Marimar Martinez was accused of being a domestic terrorist after she allegedly rammed her car into a CBP vehicle and then drove directly at the officer. He fired five shots, one of which hit her in the arm.
This month, the felony charges they brought against her fell apart. The allegation the officer’s car had been boxed in by ten vehicles before the shooting was proven false by video evidence obtained from the surveillance camera of a nearby business.
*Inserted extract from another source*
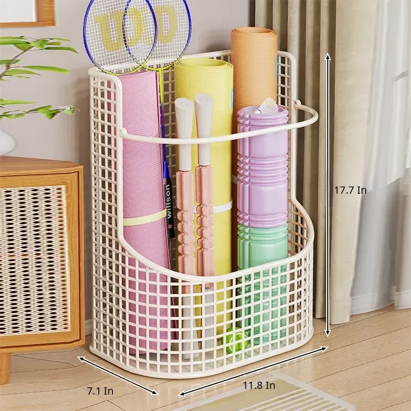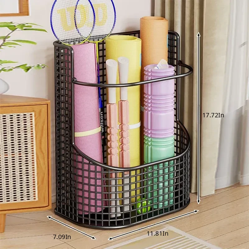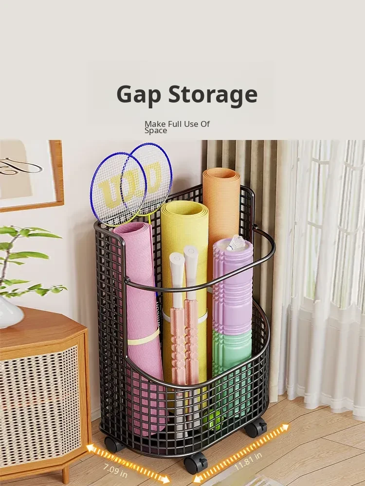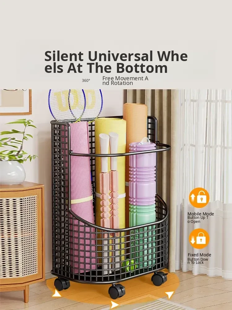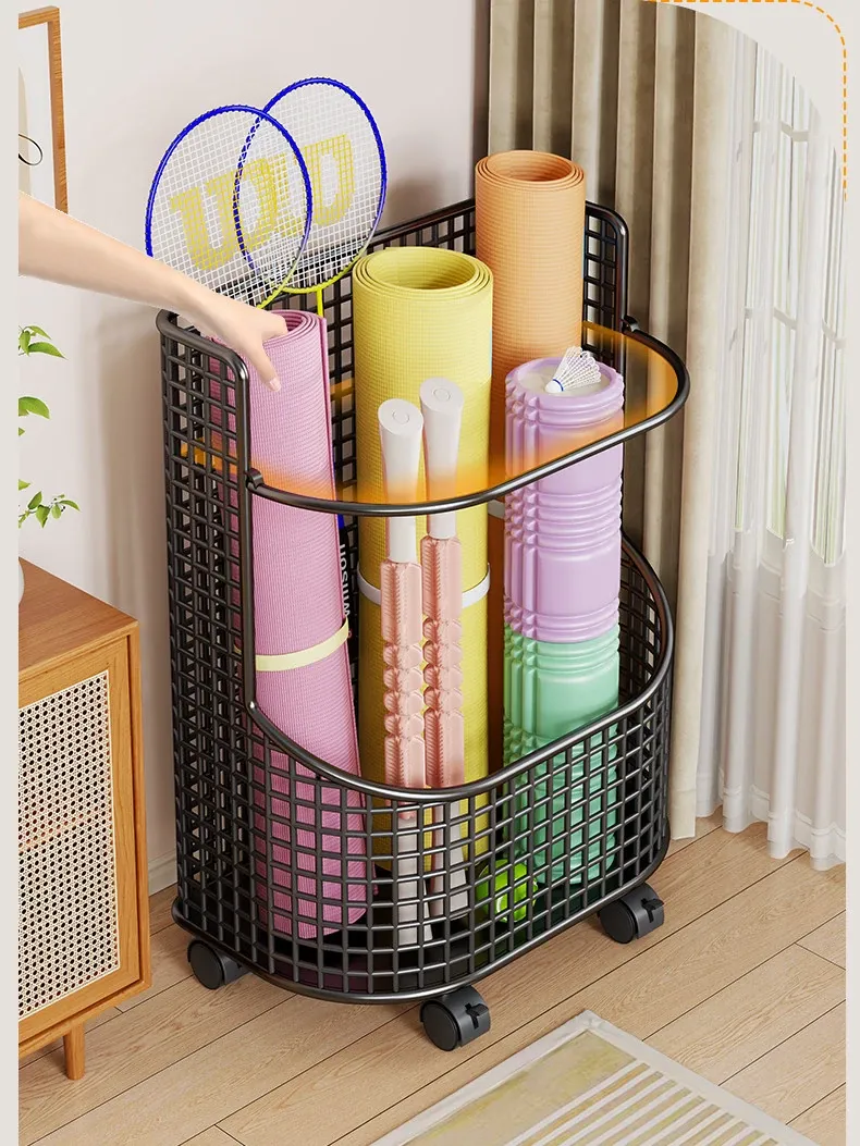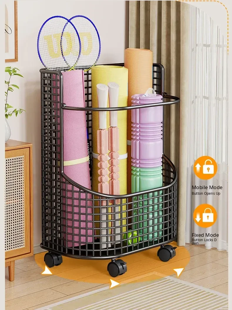Large Capacity Yoga Mat Storage Basket with Wheels - Portable Racket Organizer for Home Gym Equipment, Ideal for Easy Access and Neat Organization
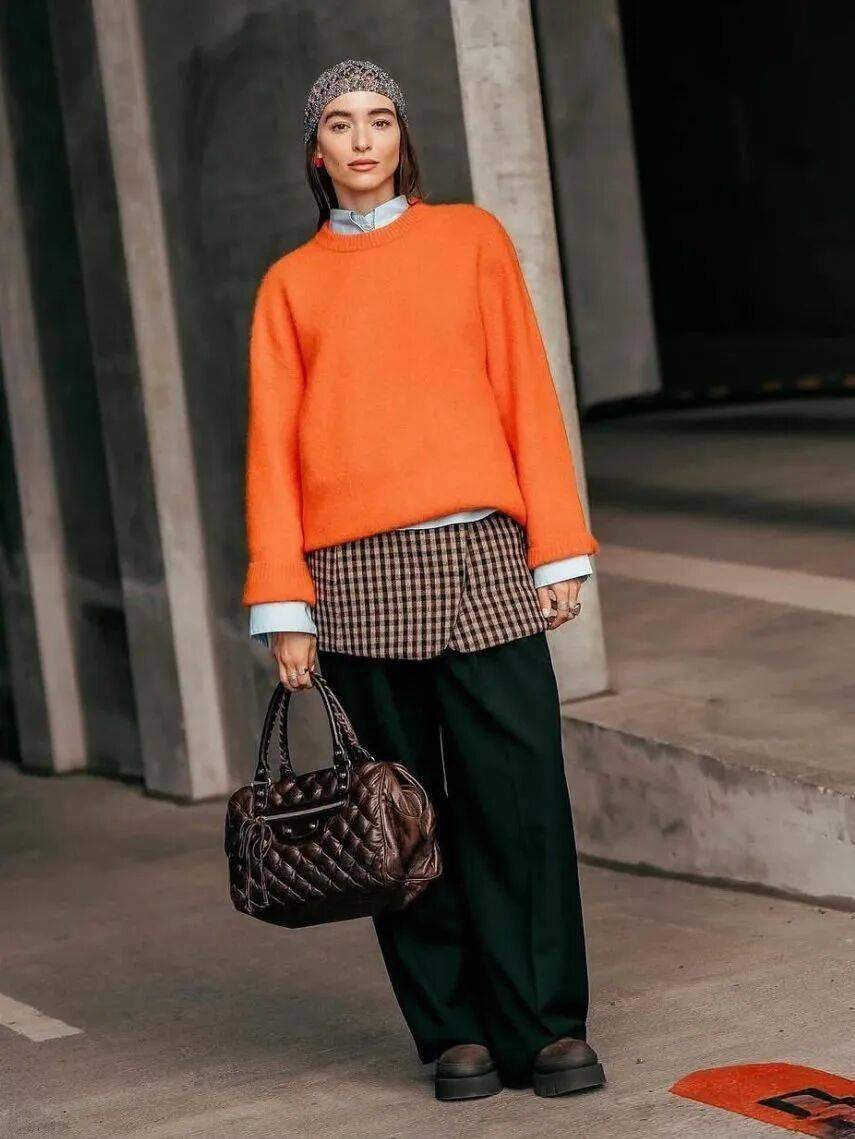 一件内搭,从橙色薄针织到橙色衬衫,只要你有棕色的外套单品,都可以试试10%的橙色运用。

And government lawyers couldn’t refute the defense’s contention that it was the agent who ran into Martinez’s car because DHS let the officer drive his car back to his home in Maine before the investigators inspected it.
It's also worth noting that the repeated claim DHS made about Martinez being “armed with a semiautomatic weapon” wasn’t included in the indictment against her.
Every one of the above lies were built on the foundation of a bigger one.
Throughout the last presidential campaign, Trump howled about how millions of immigrants and asylum-seeking refugees entering the U.S. had been recently released from “prisons and jails.” Those “killers” and “gang members” were “poisoning our country.”
His mass deportation program that was supposed to focus on the “worst of the worst” turned to arresting mostly law-abiding illegal immigrants. Hundreds of American citizens have also been apprehended.
The springboard for those lies was the one Trump hasn’t stopped telling since he lost the 2020 election.
“This has to stop,” Gabriel Sterling cried out on the steps of Georgia’s Capitol in December of that year. The Republican election official was referring to the election fraud conspiracies Trump was promoting. “Someone's going to get hurt, someone's going to get shot, someone's going to get killed," he warned.
A month later, Trump supporters violently attacked the U.S. Capitol.
During the subsequent impeachment trial, Sen. Minority Leader Mitch McConnell (R-Ky.) said Trump was “practically and morally responsible for provoking” the insurrection. “The leader of the free world cannot spend weeks thundering that shadowy forces are stealing our country and then feign surprise when people believe him and do reckless things.”
Trump “didn't get away with anything yet – yet,” McConnell added before he and 42 other Republicans, including Sen. Dan Sullivan, voted to acquit Trump. Four years later, they helped reward him with a second term in the White House.
No wonder the people in his administration believe the truth doesn’t matter.
Chasing Noem out of Washington would be a good start to changing that culture. But the country will remain mired in muck of Trump’s destructive lies if congressional Republicans continue to let him get away with it.
• Rich Moniak is a Juneau resident and retired civil engineer with more than 25 years of experience working in the public sector.